Legislative Council - Fifty-Second Parliament, First Session (52-1)
2011-05-18 Daily Xml

Contents

SOVEREIGN WEALTH FUND

The Hon. M. PARNELL (17:03): I move:

That this council calls on the state government to—

1. Responsibly plan for a future time when our state's non –renewable mineral resources run out; and

2. Investigate models for the creation of a sovereign wealth fund to ensure our long-term prosperity.

The Greens firmly believe that we need to more wisely and prudently manage the current and future windfall from the rapid extraction of our mineral wealth. The resources boom is generating enormous wealth, and all Australians should reap the benefits of this now and in the future. However, currently, governments, both state and federal, are using this current mineral windfall to meet ongoing daily expenses. Instead, the Greens believe that we need to be saving, metaphorically, for the lean years, putting money aside now for a future time when these non-renewable resources will inevitably run out.

The mineral wealth that is in our care is just that: it is our wealth; it is not our income. Yet, in the same way that it would be short-term and economically reckless to live off capital rather than income, that is exactly what we are doing when we are spending mining royalties to meet current government expenditure. It does not make sense for a household budget to behave like that, and it does not make sense for our state and national budget, either.

We need to prudently and wisely plan ahead, but we also need to have a stronger debate on who actually owns these resources. Commonwealth Bank head, Ralph Norris, speaking in support of an Australian sovereign wealth fund said:

Mining companies are recovering resources that are the natural endowment of Australians, and therefore Australia...should look to get some return.

The Greens believe that we all collectively own these mineral resources, not just the current government and most certainly not the mining companies. They are, as Ralph Norris says, our endowment, and we do not want this wealth to be frittered away. We also recognise that this wealth belongs to current and future generations. Have we the right to spend it all now and leave none for our grandchildren?

Overseas examples here are illuminating, in particular, the different treatment of North Sea oil royalties by the United Kingdom and Norway. The United Kingdom spent the proceeds from the sale of their share of the North Sea oil as soon as they were received. Now that the returns are in long-term decline, there is very little to show for it. Norway, on the other hand, recognised two decades ago that the oil would inevitably run out and that they needed to ensure the wellbeing of future generations, so they took a different approach.

They followed the lead of some Arab states and created a sovereign wealth fund, commonly known as 'the oil fund', and they poured money from the sale of their share of the North Sea oil into that fund, from which profits are returned to the state—and they are not alone. Approximately 36 countries around the world have sovereign wealth funds, which currently manage more than $4.2 trillion worth of assets globally.

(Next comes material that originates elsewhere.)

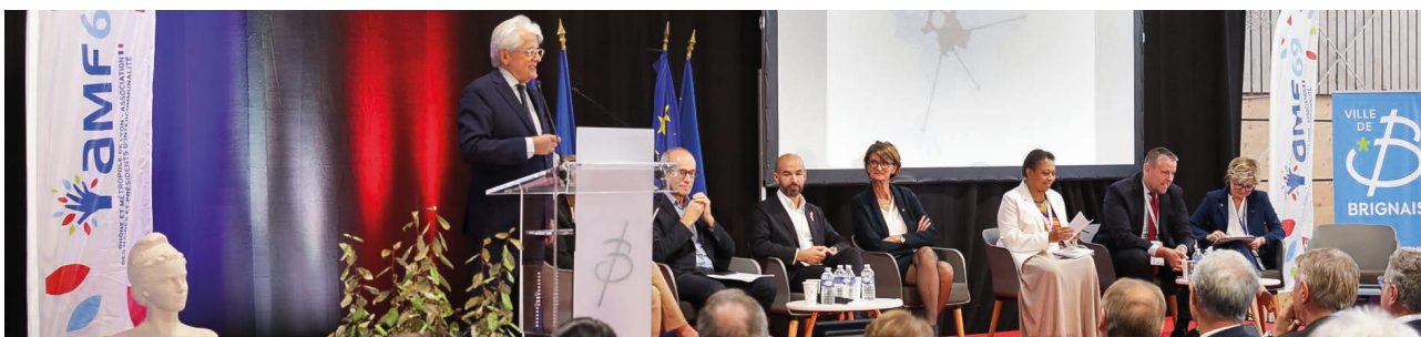
Congrès 2022 avec le politologue Pascal PERRINEAU à Brignais

Notre Congrès départemental annuel, qui réunit plus de 800 élus et 80 partenaires traditionnels des collectivités, est quant à lui devenu un rendez-vous incontournable des élus et des décideurs publics de nos territoires.

Recently, the International Monetary Fund called on Australia to establish a sovereign wealth fund to protect the economy from shock falls in commodity prices and to save revenue to ensure a more equitable distribution of its benefits across generations and reduce long-term fiscal vulnerabilities from an ageing population and rising health care costs. That is why Greens leader Bob Brown is moving at a federal level to put the idea of a sovereign wealth fund firmly on the national agenda. The Greens think that we should also have a debate on this issue here in South Australia.

The issue has a particular resonance here in South Australia as both state and federal governments are now considering the approval of the largest mineral extraction in Australia's history, the Olympic Dam mega open pit. We will shortly be debating in this place a bill to amend the South Australian mining royalty regime.

In calling for this debate, we recognise that the current carve-up of GST revenue between states and the reconciliation of state mineral revenue by the grants commission means that a simple replica of the Norway sovereign wealth fund model would not work at a state level. However, we are calling on South Australia to be deeply involved in the national debate and to investigate models that may allow South Australia to preserve some of our current mineral bounty for the future.

We urgently need to future-proof our economy. We need to consider the welfare of both present and future generations. We also need to ensure that we can pay for an ageing society with ever-growing health needs. A sovereign wealth fund could help in this, as well as underpinning long-term transformational investment in essential infrastructure such as light rail, smart electricity grids and high speed rail. It is common sense, it is prudent, it is sensible economic management and I commend this motion to the house.

Debate adjourned on motion of Hon. T.J. Stephens.